In South Sudan, 77% of the country had at least one month of drought last year and half the country was in extreme drought for at least six months. At the same time, more than 700,000 people have been affected by flooding.
“Things are deteriorating,” says village elder, Nyakuma. “When we go in the water, we get sick. And the food we eat isn’t nutritious enough”.
Nyakuma has caught malaria twice in a matter of months.
Her family lost their entire cattle herd after flooding last year and now survive on government aid along with anything they can forage.
“Eating this is like eating mud,” says Sunday, Nyakuma’s husband, as he searches floodwater for the roots of waterlillies.
During a drought, rivers and lakes dry up and the soil gets scorched, meaning it hardens and loses plant cover.

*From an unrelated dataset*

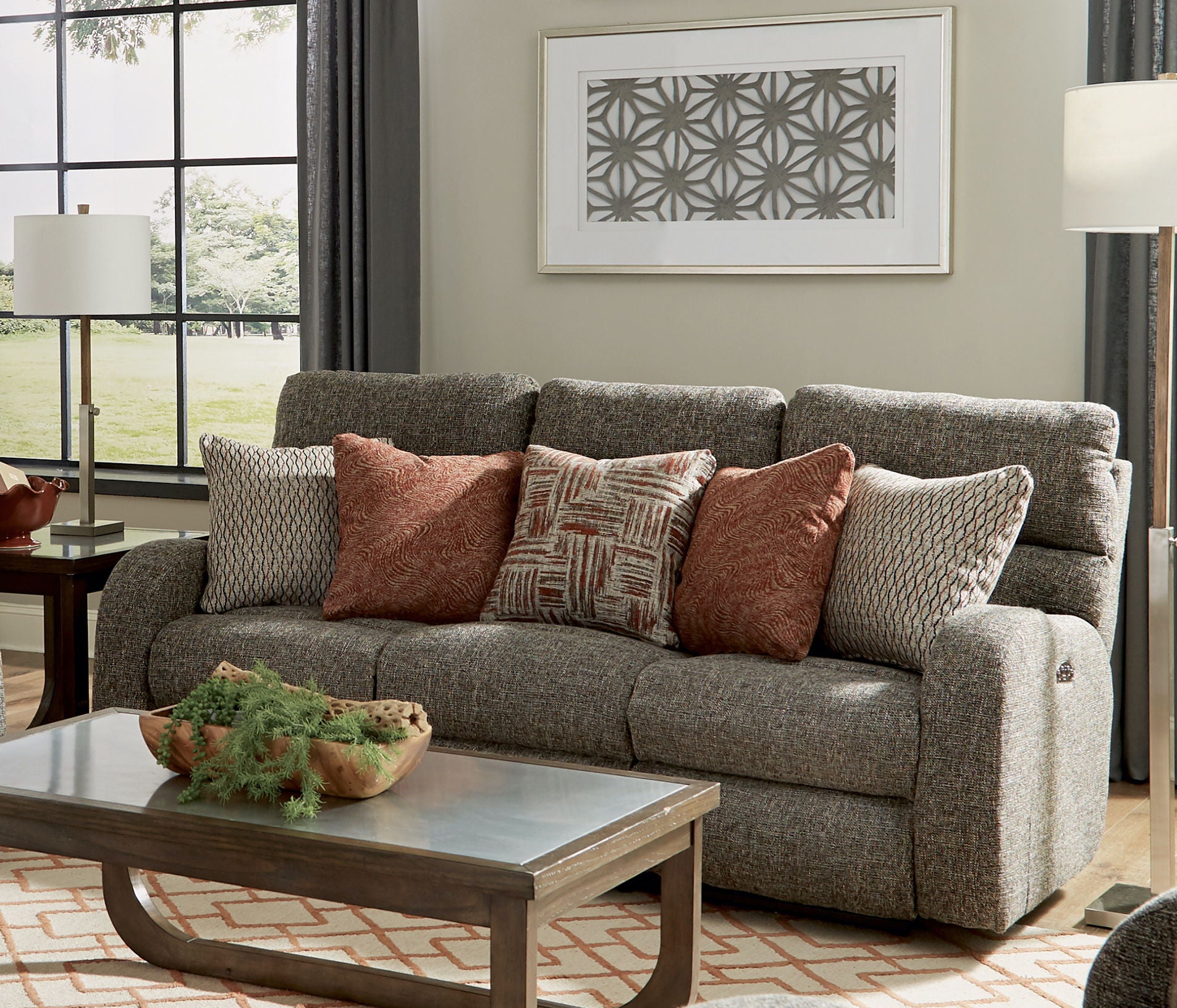 LIAM feathures a waterfall back and an assortment of decorative Transitional toss pillows for ultimate comfort.FeaturesPower Recline, Lay Flat, Comfor Gel, Custom Creations, Power Headrest, USB Charging Port. Details: Comfort Control Panel Technology, Textured Multi-Color Chenille Fabric, Power Recliner/Power Headrest Feature, Radius Track Arm Design, Waterfall Back Provides Ultimate Comfort, Decorative Transitional Pillows, Comfort Coil Seating featuring Comfor-Gel.

If heavy rain follows, water cannot soak into the ground and instead runs off, causing flash flooding.
“Plants can adapt to extreme drought, to an extent anyway, but flooding really disrupts their physiology,” adds Romanello. “It is really bad for food security and the agricultural sector.”
Unless we can reduce emissions of greenhouse gases and stop the global temperature from rising further, we can expect more drought and more intense rain. 2023 was the hottest year on record.
“At the moment, we are still in a position to just about adapt to the changes in the climate. But it is going to get to a point where we will reach the limit of our capacity. Then we will see a lot of unavoidable impacts,” says Romanello.
“The higher we allow the global temperature to go, the worse things are going to be”.